Ces aliments sont fréquemment introduits dans les aliments composés pour leur conférer des caractéristiques particulières (valeur azotée, digestibilité de l'amidon, acides gras disponibles,…).

 

Le toastage avec le chauffage

Pour les tourteaux, il s'agit en principe de chauffage indirect par la vapeur dans les doubles parois d'un chauffoir à étages. Le toastage accroît sensiblement les valeurs PDIA, et donc les valeurs PDIN et surtout PDIE. Sont toastés : la féverole colorée, le lupin bleu, le pois, la graine de soja et les tourteaux de colza, de coton et de tournesol.

Ces matières premières étant plus denses en énergie et en azote, elles conviennent dans la fabrication d'aliments composés destinés  aux animaux à forts besoins, tels que les veaux ou vaches en début de lactation.

 

Les huiles essentielles : peu de références sur animaux

Les huiles essentielles ne sont pas des matières grasses mais “des extraits de plantes et d'épices” obtenus par distillation puis fixés sur de l'huile.

Les industriels en retirent des “substances aromatiques et apéritives”. C'est donc le mot “essence” qu'il faut retenir et non celui d'huile. Ces extraits peuvent provenir de nombreuses plantes (thym, origan, d'origan au thymol, de cannelle, d'aneth,…) et une huile essentielle peut contenir plusieurs molécules différentes.

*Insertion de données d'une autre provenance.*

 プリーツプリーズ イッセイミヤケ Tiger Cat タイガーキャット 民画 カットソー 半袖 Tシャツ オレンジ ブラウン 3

Les huiles essentielles  ralentiraient le catabolisme des protéines par les bactéries du rumen. Il en résulterait une baisse de la dégradation des protéines dans le rumen, d'où une moindre production d'ammoniac. Ces protéines, peu dégradées, se retrouveraient dans l'intestin augmentant ainsi la valeur PDIA de la ration.

A notre connaissance, il n'existe pas d'essais réalisés “in vivo” sur des vaches laitières. Seuls des essais “in vitro” ont été publiés. L'effet des huiles essentielles sur la flore microbienne du rumen peut être très variable. Il peut être progressif ou drastique sur l'ensemble des activités microbiennes, soit toucher plus spécifiquement une activité ou une population microbienne. Une petite variation de la composition peut avoir des conséquences négatives importantes et la recherche d'interactions positives dans les mélanges d'additifs pourrait être intéressante.

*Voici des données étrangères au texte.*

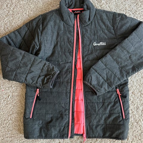 Jakken er grå med lyserøde detaljer ved kant og lynlåsen. Den har en høj krave, lynlås foran og lange ærmer. Jakken ser ud som den er lavet af et let materiale, ideel til mildt vejr.
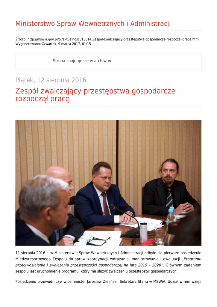 Ministerstwo Spraw Wewnętrznych i Administracji Źródło: http://mswia.gov.pl/pl/aktualnosci/15014,Zespol-zwalczajacy-przestepstwa-gospodarcze-rozpoczal-prace.html Wygenerowano: Czwartek, 9 marca 2017, 01:15 Strona znajduje się w archiwum. Piątek, 12 sierpnia 2016 Zespół zwalczający przestępstwa gospodarcze rozpoczął pracę 11 sierpnia 2016 r. w Ministerstwie Spraw Wewnętrznych i Administracji odbyło się pierwsze posiedzenie Międzyresortowego Zespołu do spraw koordynacji wdrażania, monitorowania i ewaluacji „Programu przeciwdziałania i zwalczania przestępczości gospodarczej na lata 2015 – 2020”. Głównym zadaniem zespołu jest uruchomienie programu, który ma służyć zwalczaniu przestępstw gospodarczych. Posiedzeniu przewodniczył wiceminister Jarosław Zieliński, Sekretarz Stanu w MSWiA. Udział w nim wzięli również przedstawiciele Ministerstwa Finansów, Ministerstwa Rozwoju, Ministerstwa Sprawiedliwości, Ministerstwa Cyfryzacji, a także innych jednostek i urzędów. Podczas spotkania, członkowie zespołu uzgodnili tryb pracy i omówili podstawowe zasady, według których Program będzie wdrażany. Podstawowy cel „Programu przeciwdziałania i zwalczania przestępczości gospodarczej…” to ograniczenie przestępczości gospodarczej, która cały czas powoduje poważne straty, nie tylko dla budżetu państwa, ale też w sektorze prywatnym. Działania takie jak np. wyłudzanie dopłat, zanizanie dochodów czy działalność szarej strefy są bardzo niebezpieczne dla całej gospodarki. Zwalczanie przestępczości gospodarczej jest jednym z priorytetów Rządu, gdyż szkodzi ona nie tylko bezpieczeństwu publicznemu, ale też bezpieczeństwu ekonomicznemu państwa. Podczas posiedzenia Zespołu poruszony został też temat przestępstw podatkowych. Aby zapewnić dobrą i efektywną współpracę na tym polu, powołano Zespół zadaniowego ds. przestępczości podatkowej. Dzięki temu różne podmioty realizujące Program będą mogły lepiej koordynować swoje działania. Zespół zadaniowy zajmie się trzema podstawowymi zadaniami: ● będzie poszukiwał luk w prawie, które sprzyjają przestępczości podatkowej i rozwojowi szarej strefy; ● będzie wskazywał obszary, które są najbardziej narażone na przestępstwa podatkowe i koordynował działania, które mają służyć jej zwalczaniu; ● będzie oceniał skuteczność struktur, które powinny przeciwdziałać przestępczości podatkowej i ją zwalczać. Będzie też w miarę potrzeby proponował zmiany w tych strukturach. „Program przeciwdziałania i zwalczania przestępczości gospodarczej…” to szeroko zakrojone działanie. Przestępczość gospodarcza ma wiele aspektów tylko skuteczne przeciwdziałanie im wszystkim zagwarantuje, ąe zmniejszy się negatywny wpływ tego zjawiska na ekonomie naszego kraju. Dlatego tak ważne jest aby Program został prawidłowo wdrożony i działał bez zarzutu. To właśnie jest zadaniem Zespołu, który rozpoczął pracę 11 sierpnia. posiedzenie zespołu posiedzenie zespołu posiedzenie zespołu posiedzenie zespołu posiedzenie zespołu posiedzenie zespołu
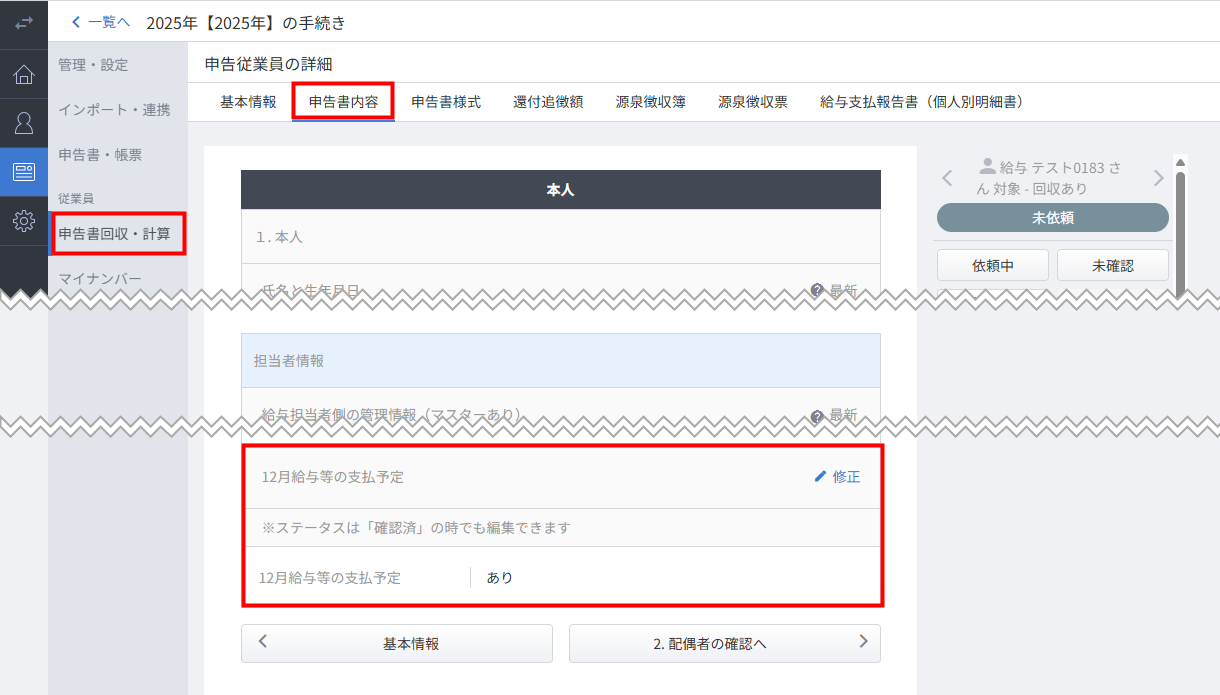「申告書回収・計算」>「申告書内容」>「担当者情報」に「12月給与等の支払予定」を追加しました。

Il semble exister des doses intéressantes qui permettent une réduction de l'activité protéolytique de la flore ruminale sans perturber son fonctionnement normal.

Par ailleurs, l'efficacité du produit semble être variable en fonction du type de ration (amidon ou fibres). On voit là toute la difficulté d'utiliser les huiles essentielles et pour l'instant nous n'avons pas de référence scientifique pour accorder du crédit à cette technique de protection de matières azotées.